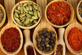 wiele różnych przypraw i ziół pachnących szczegół tło
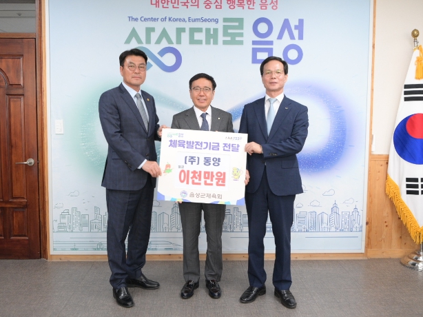 [뉴스서치] 음성군과 음성군체육회(회장 김기창)는 주)동양 정진학 대표이사가 8일 음성군청을 방문해 조병옥 군수와 김기창 음성군체육회장에게 ‘체육발전기금’2천만원을 전달했다고 밝혔다.
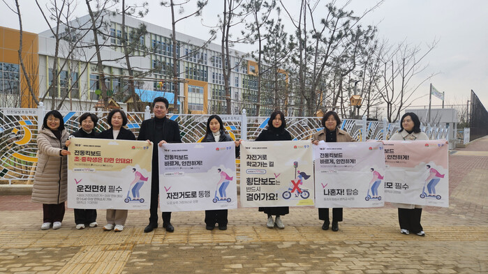 이번 점검에서는 학교 주변 교차로, 횡단보도, 안전 울타리 등 교통안전 시설물을 중점적으로 살폈다. 또, 중·고등학교가 함께 위치한 달빛초 일원에서는 ‘개인형이동장치(PM)’ 활용에 대한 인식 개선 캠페인도 함께 이뤄졌다.
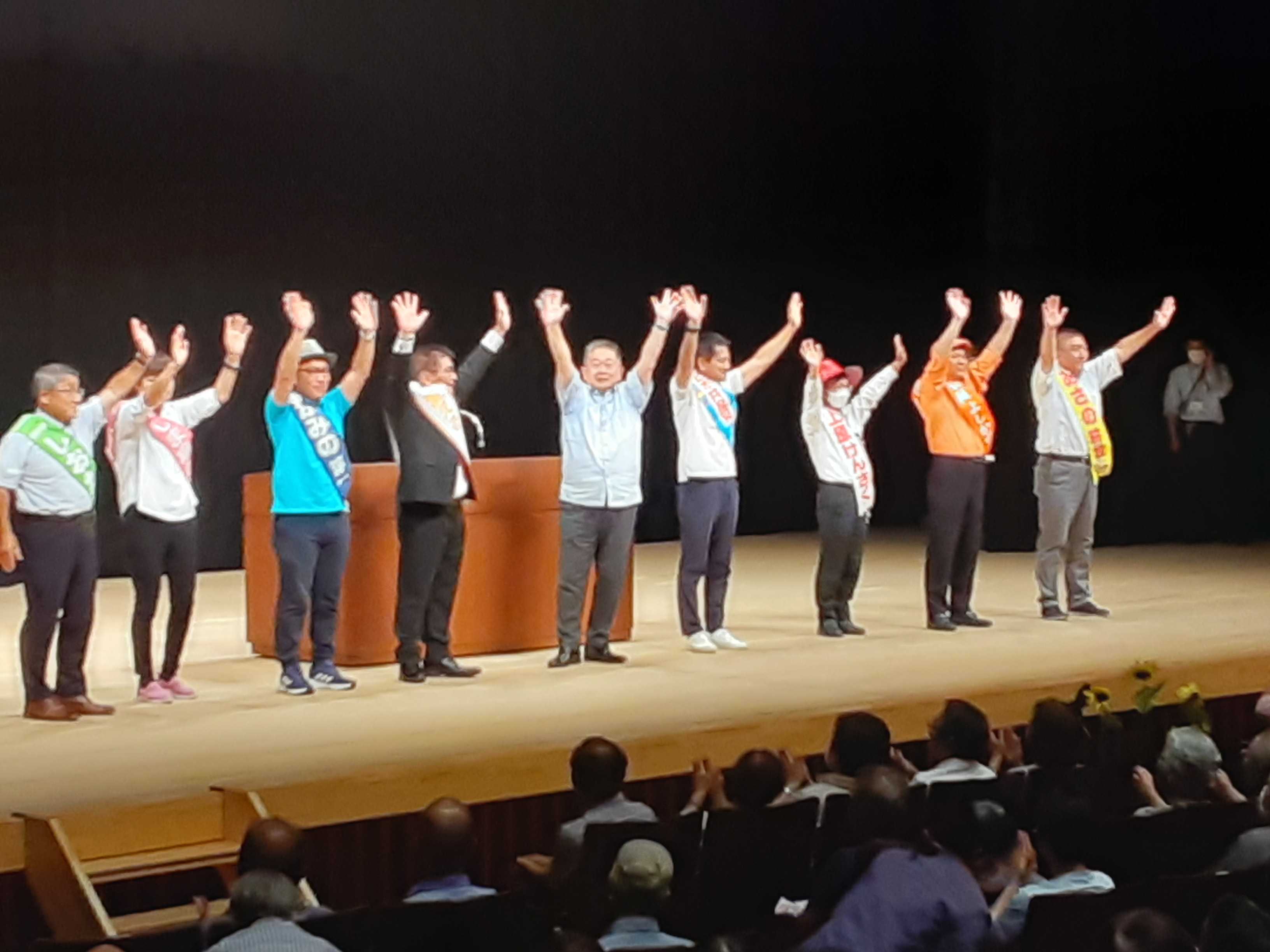 今日はお隣、東大阪市の市長・市議会選の候補者や日本共産党の小池書記局長の演説会。

- Exercise aim -
From the line that contains "이번 점검에서는 학교" to the last line of the data, print each line exactly, both ends included, and omit the pictures.

- Solution below -
 이번 점검에서는 학교 주변 교차로, 횡단보도, 안전 울타리 등 교통안전 시설물을 중점적으로 살폈다. 또, 중·고등학교가 함께 위치한 달빛초 일원에서는 ‘개인형이동장치(PM)’ 활용에 대한 인식 개선 캠페인도 함께 이뤄졌다.
 今日はお隣、東大阪市の市長・市議会選の候補者や日本共産党の小池書記局長の演説会。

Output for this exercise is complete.